Prophète dans un peuple
Souviens-toi, Seigneur,
que je me suis tenu en ta présence
pour te parler en leur faveur,
pour détourner d’eux ta colère.
(Jérémie 18,20)
Le Seigneur avait dit à Jérémie :
« Je fais de toi un prophète. Ne dis pas, je ne suis qu’un enfant. Tu iras vers tous ceux à qui je
t’enverrai ; tu diras tout ce que je t’ordonnerai. Ne les crains pas… » (Jérémie 1,
1-4)
« Pauvre » Jérémie ! Pauvre prophète !
Fichu métier que d’être « porte parole.
Jérémie est un ‘obéissant’ et pas un ‘soumis’, il a entendu, il comprend, il intériorise, il fait confiance, il accepte, il
avance…
Le zèle de Dieu le dévore. La violence de son tempérament déborde pour crier de toutes ses forces les avertissements de Dieu. Il ne peut
pas se taire, tout hurle en lui. Il aime trop le peuple dont il est solidaire pour le laisser s’enliser dans les fausses alliances. Il a compris que le Dieu exigeant est un Dieu
d’amour.
Il ne s’embarrasse pas des difficultés, il va.
Il puise en lui ce que Dieu lui suggère, il fait sien le message. Il s’attire incompréhensions, haine, voire sévices, mais il
va
Dieu dit, alors lui le commissionnaire qui a digéré la Parole, VA.

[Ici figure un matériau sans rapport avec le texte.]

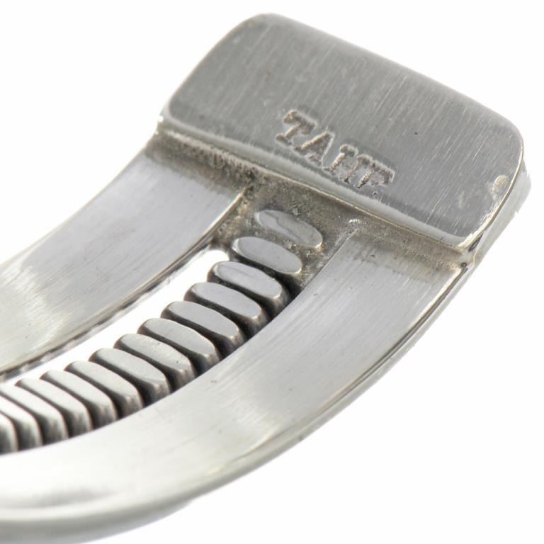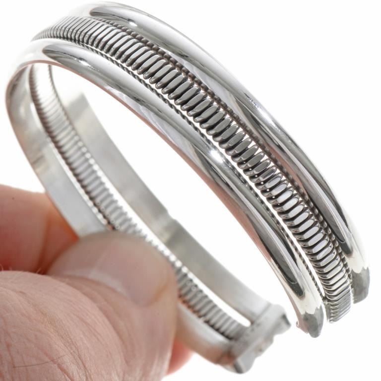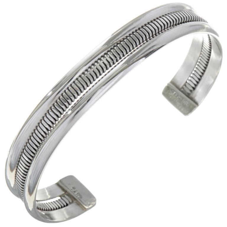 At the center of this all Sterling cuff is a vertical, hand coiled wire edged in smooth, half round bands. About 1/2" wide for a man or woman. Stamped Sterling and hallmarked by Native American Elaine and Verna Tahe.

Il a vécu le message avant de le transmettre. Il s’est laissé « éprouver par le Seigneur » Il ne se cache en rien.
D’ailleurs il n’a rien à cacher ; offert et simple, il est un des « pauvres du Seigneur », sa confiance est parfois tourmentée mais elle est sans faille. Il
VA.
Il avance.
Veilleur. Il ne
rêve pas. La lucidité le tient les yeux ouverts et le cœur disponible sur la vie concrète du peuple de Dieu au milieu des nations. Il a trop d’amour pour ne pas regarder la
réalité en face. S’il en souffre, tant pis pour lui. La vérité exige la parole. Il ira jusqu’au bout. Il « passera » la nuit.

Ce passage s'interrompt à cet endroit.